Cancer Communications | SBRT combined with cadonilimab in refractory solid tumors

This study evaluated the safety and preliminary efficacy of SBRT combined with cadonilimab in patients with refractory solid tumors who had failed multiple lines of prior therapy. The results demonstrated favorable tolerability and durable anti-tumor effects, providing critical evidence for future investigations.

 

Literature Overview
This article titled 'Stereotactic body radiotherapy plus cadonilimab (PD-1/CTLA-4 bispecific antibody) as third-line or beyond therapy for refractory solid tumors: A phase 1b study' published in Cancer Communications reviews novel therapeutic strategies for refractory solid tumors.

Background Knowledge
Solid tumors often develop resistance or recurrence after multiple systemic treatments, presenting significant clinical challenges. While immune checkpoint inhibitors (ICIs) have shown durable anti-tumor responses in various cancers, monotherapy yields limited efficacy in refractory cases. Cadonilimab, a bispecific antibody targeting both PD-1 and CTLA-4, demonstrates improved safety compared to traditional ICI combination regimens. Stereotactic body radiotherapy (SBRT) enhances anti-tumor immune activation through high-precision, high-dose radiation delivery, with existing studies confirming synergistic effects when combined with ICIs. This combination may offer new therapeutic opportunities for patients with refractory solid tumors who have exhausted multiple treatment lines.

 

 

Research Methods and Experiments
This single-arm, open-label phase 1b trial enrolled 63 advanced solid tumor patients who had received at least two prior treatment lines. Participants underwent SBRT combined with intravenous cadonilimab (6 mg/kg every two weeks). Primary endpoint was safety, with secondary endpoints including objective response rate (ORR), progression-free survival (PFS), and overall survival (OS). Survival data were analyzed using Kaplan-Meier and Cox regression methods, with tumor responses evaluated per RECIST v1.1 criteria.

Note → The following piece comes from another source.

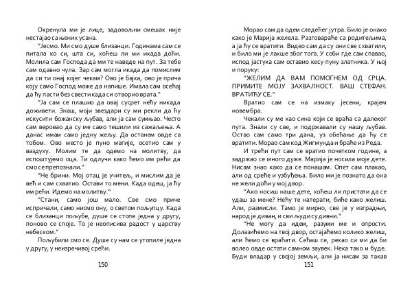 ’’ Ја сам се плашио да овај сусрет нећу никада доживети . Знаш , моји звездари су ми рекли да ћу искусити божанску љубав , али ја сам сумњао . Често сам веровао да су ме само тешили из сажаљења . А данас имам само једну жељу . Да останем овде са тобом . Ово место је пуно магије , осетио сам у ваздуху . Молим те да одемо на молитву , да испоштујемо оца . Ти одлучи како ћемо им рећи да смо се препознали .“
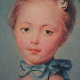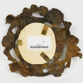 Piccola cornice tonda in metallo dorato, decoro raffigurante putti con festoni floreali, cm 18, (difetti)

Key Conclusions and Perspectives

• 38.1% (24/63) of patients experienced treatment-related adverse events (TRAEs), with only 3.2% (2/63) classified as grade 3 TRAEs and no grade 4+ or serious adverse events reported.
• Overall ORR was 23.8% (95% CI: 14.0%-36.2%), with NSCLC subgroup showing 17.4% ORR (95% CI: 5.0%-38.8%).
• Median PFS reached 7.2 months (95% CI: 6.3-8.2) and median OS achieved 10.0 months (95% CI: 7.7-12.4), with NSCLC patients demonstrating 9.1-month median OS.
• Six-month and twelve-month local control rates were 98.4% and 93.0% respectively, with non-irradiated lesions showing 16.9% ORR (95% CI: 7.1%-26.8%).
• Multivariate analysis identified ≥6 cadonilimab treatment cycles and ECOG PS 0-1 as independent predictors for both PFS and OS.

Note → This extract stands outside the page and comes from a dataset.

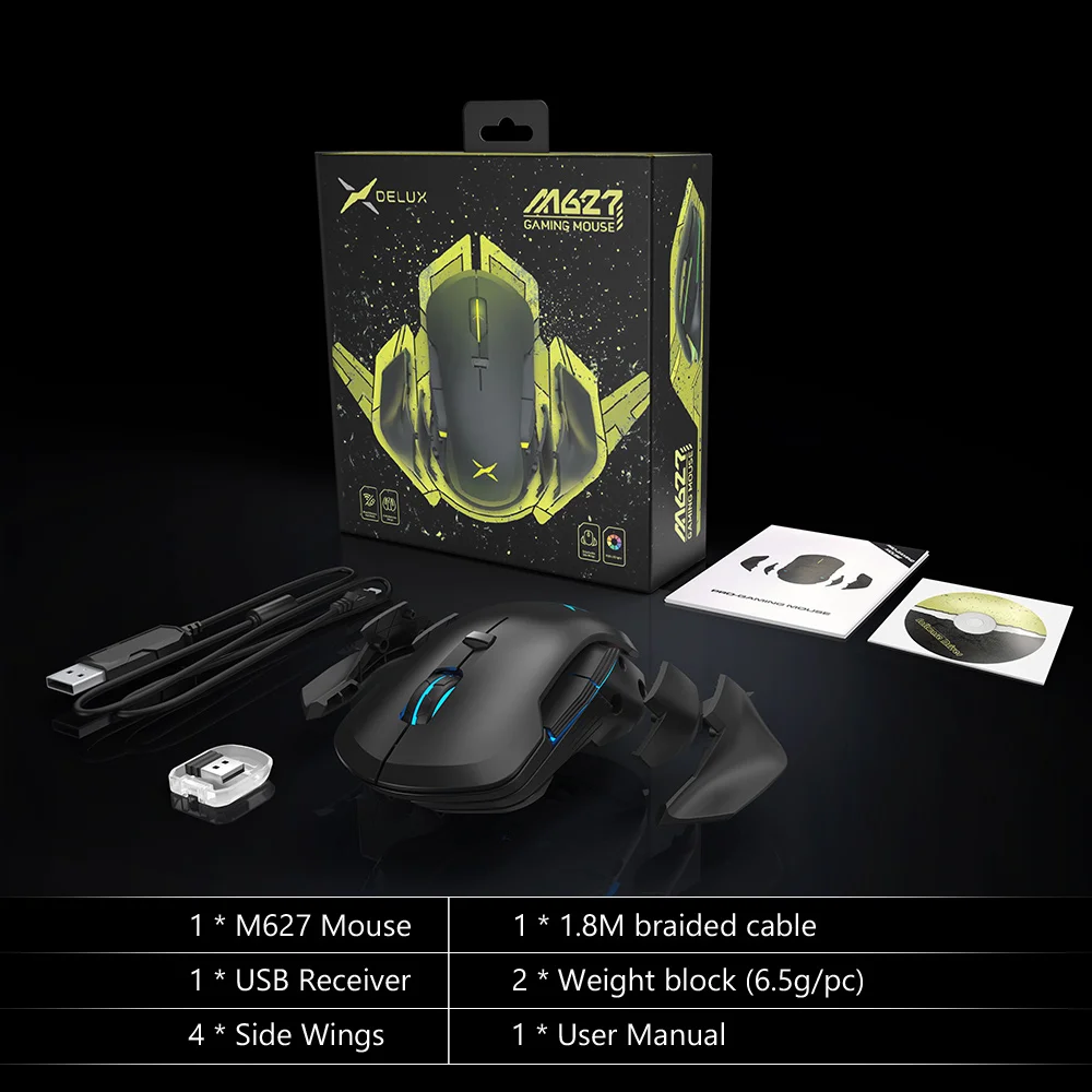 Features:Specifications: Box Contains: PMW3389 OPTICAL SENSOR Born For e-sport games,up to 16000 DPI,high speed sensitive tracking.The perfect combination of mouse and hand speed seamlessly satisfy needs of player in shootcuts. DIY SIDE WINGS DIY WINGS,DIFFRENT MATCH FOR DIFFERENT GAME For Both Right and Left Hand Users DUAL MODE SWITCH 2.4Ghz Wirelsss + Type-C Wired two modes Gaming Mouse CUSTOMIZED KEYS Customize Keys,Lighting,DPI More function waiting for your exploration Driver Download link: http://www.deluxworld.com/en/service/download/ COMFORTABLE FEELING FOR LONG TIME USE Ergonomic streamline design Relax yourself during long-time operatin EVERY DETAIL SURPRISES YOU SO MUCH Matte skin-like paint, anti-sweat,anti-slip Five gears DPI (Segent indicator light) Cold RGB lighting effects enhance e-esport gaming atomosphere FAQ Q: Driver Download linkA: http://www.deluxworld.com/en/service/download/

Research Significance and Prospects
This study provides initial evidence supporting the safety and anti-tumor activity of SBRT plus cadonilimab in refractory solid tumors, establishing foundation for future multicenter randomized controlled trials. Further investigations should explore efficacy differences across tumor subtypes and optimize treatment sequencing and dose intensity to enhance immune activation.

 

 

Conclusion
This first-in-clinic evaluation of SBRT combined with cadonilimab for refractory solid tumors demonstrates favorable safety profiles in heavily pretreated patients, with notable advantages in local control and survival outcomes. The identification of ECOG PS scores and treatment cycle numbers as independent predictive factors suggests early and sustained therapy may improve efficacy. While limited by single-arm design and small sample size, these findings establish critical groundwork for large-scale randomized controlled trials and open new research avenues for combination immuno-radiotherapy approaches in refractory cancers.

 

Yao Xiao, Yuxia Wang, Jun Li, Liyuan Tao, and Hongqing Zhuang. Stereotactic body radiotherapy plus cadonilimab (PD‐1/CTLA‐4 bispecific antibody) as third‐line or beyond therapy for refractory solid tumors: A phase 1b study. Cancer Communications.